_What the task requires_
Every line from the one with "Getting the exterior" up to and including the one with "在講座中,魏艷不僅詳細(xì" is to be output exactly as it appears below; pictures are not.
(Beginning of Entries shown)
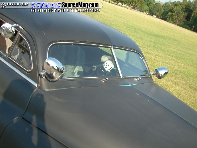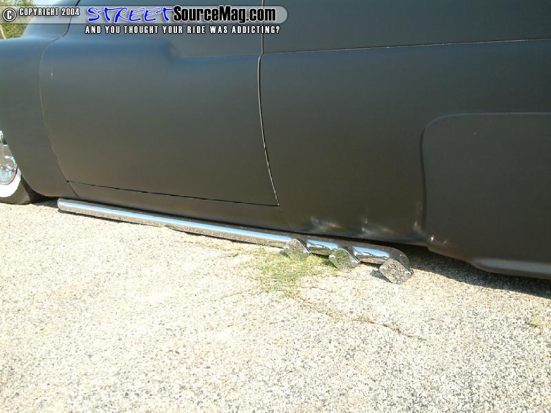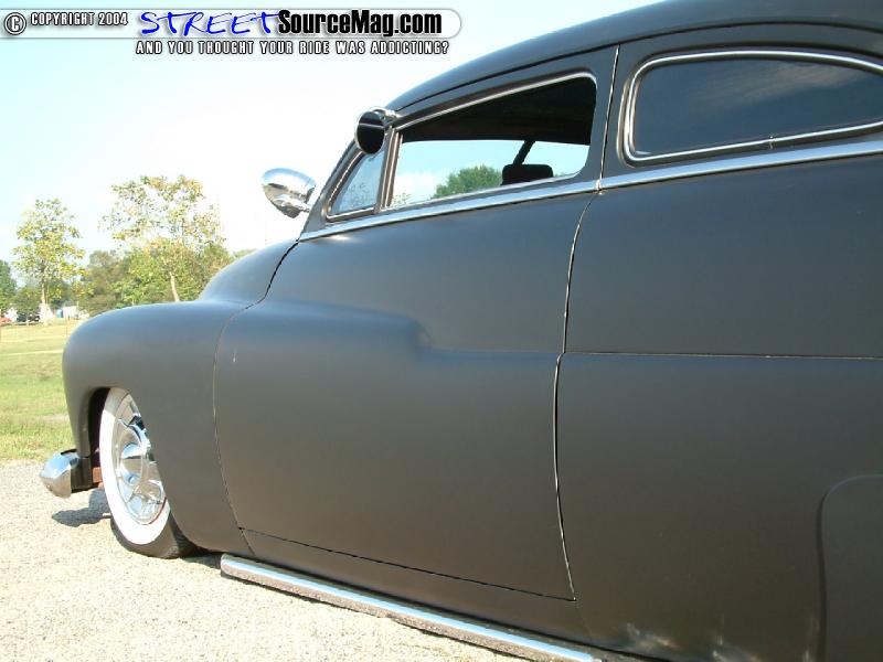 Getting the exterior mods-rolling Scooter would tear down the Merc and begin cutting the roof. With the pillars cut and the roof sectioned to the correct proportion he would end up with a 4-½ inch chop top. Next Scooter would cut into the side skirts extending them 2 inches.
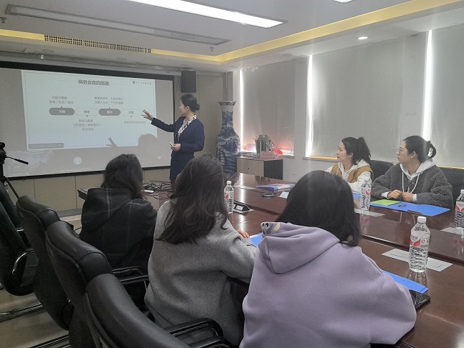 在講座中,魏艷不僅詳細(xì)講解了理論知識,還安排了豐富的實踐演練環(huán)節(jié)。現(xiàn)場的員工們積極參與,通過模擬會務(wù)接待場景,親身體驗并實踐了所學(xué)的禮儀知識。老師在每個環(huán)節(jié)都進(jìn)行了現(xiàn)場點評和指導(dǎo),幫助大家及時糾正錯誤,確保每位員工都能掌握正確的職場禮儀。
(End of Entries shown)
(Beginning of Entries shown)
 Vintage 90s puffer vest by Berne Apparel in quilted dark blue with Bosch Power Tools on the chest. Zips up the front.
(End of Entries shown)
(Beginning of Entries shown)
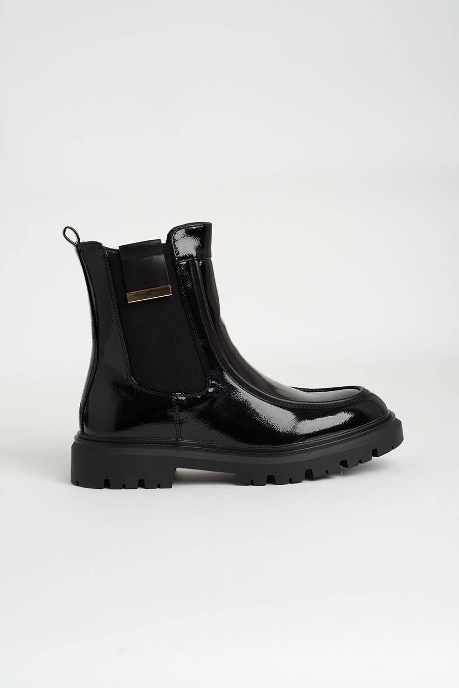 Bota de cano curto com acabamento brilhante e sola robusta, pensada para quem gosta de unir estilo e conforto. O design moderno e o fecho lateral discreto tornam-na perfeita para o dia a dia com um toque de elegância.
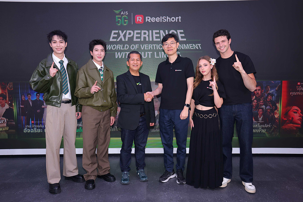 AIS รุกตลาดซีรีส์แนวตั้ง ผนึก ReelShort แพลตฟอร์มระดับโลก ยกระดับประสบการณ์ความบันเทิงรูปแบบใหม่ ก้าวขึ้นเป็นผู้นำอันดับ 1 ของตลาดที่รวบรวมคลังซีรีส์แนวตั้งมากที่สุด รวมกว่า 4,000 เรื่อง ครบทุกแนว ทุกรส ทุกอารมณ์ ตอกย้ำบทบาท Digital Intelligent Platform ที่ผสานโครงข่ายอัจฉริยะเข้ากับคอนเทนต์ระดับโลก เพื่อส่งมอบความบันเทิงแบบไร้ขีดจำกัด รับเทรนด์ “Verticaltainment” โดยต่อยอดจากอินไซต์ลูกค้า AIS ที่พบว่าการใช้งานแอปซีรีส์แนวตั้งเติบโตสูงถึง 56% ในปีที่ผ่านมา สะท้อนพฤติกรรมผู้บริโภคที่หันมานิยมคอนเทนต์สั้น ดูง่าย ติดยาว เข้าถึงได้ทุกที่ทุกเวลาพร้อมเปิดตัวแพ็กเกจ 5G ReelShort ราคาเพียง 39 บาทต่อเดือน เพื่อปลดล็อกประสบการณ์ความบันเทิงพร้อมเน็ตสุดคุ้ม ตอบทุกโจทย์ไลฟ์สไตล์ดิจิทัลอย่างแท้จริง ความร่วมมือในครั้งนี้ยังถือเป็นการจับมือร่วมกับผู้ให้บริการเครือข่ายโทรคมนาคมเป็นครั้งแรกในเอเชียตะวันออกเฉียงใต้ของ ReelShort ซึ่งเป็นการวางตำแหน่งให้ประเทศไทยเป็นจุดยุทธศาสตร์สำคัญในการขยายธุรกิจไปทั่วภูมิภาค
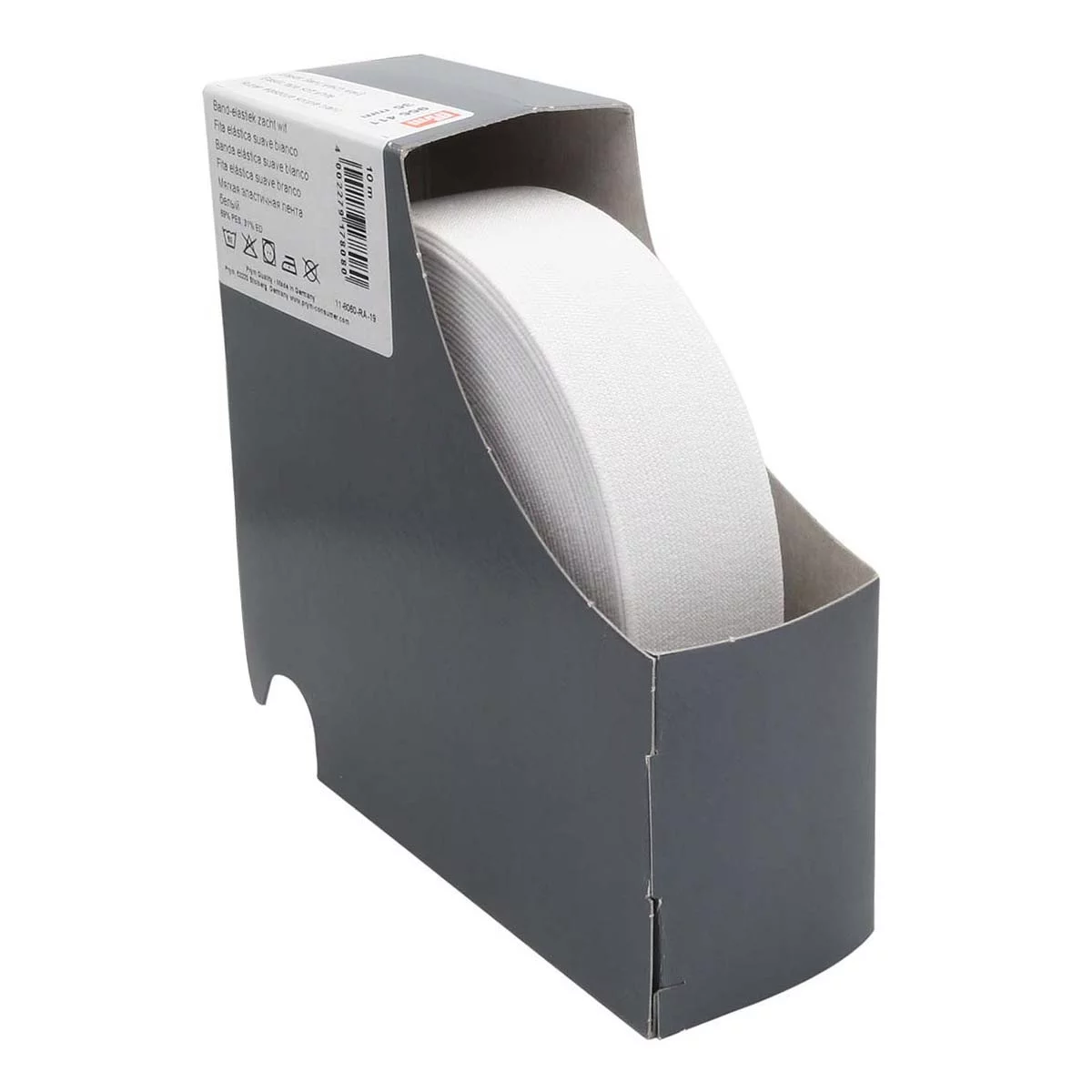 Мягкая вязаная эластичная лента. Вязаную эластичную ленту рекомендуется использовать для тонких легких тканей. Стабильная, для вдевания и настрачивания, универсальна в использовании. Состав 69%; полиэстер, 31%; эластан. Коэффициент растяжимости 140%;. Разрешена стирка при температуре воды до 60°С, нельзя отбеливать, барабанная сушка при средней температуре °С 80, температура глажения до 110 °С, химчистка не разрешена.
(End of Entries shown)
_Final answer_
 Getting the exterior mods-rolling Scooter would tear down the Merc and begin cutting the roof. With the pillars cut and the roof sectioned to the correct proportion he would end up with a 4-½ inch chop top. Next Scooter would cut into the side skirts extending them 2 inches.
 在講座中,魏艷不僅詳細(xì)講解了理論知識,還安排了豐富的實踐演練環(huán)節(jié)。現(xiàn)場的員工們積極參與,通過模擬會務(wù)接待場景,親身體驗并實踐了所學(xué)的禮儀知識。老師在每個環(huán)節(jié)都進(jìn)行了現(xiàn)場點評和指導(dǎo),幫助大家及時糾正錯誤,確保每位員工都能掌握正確的職場禮儀。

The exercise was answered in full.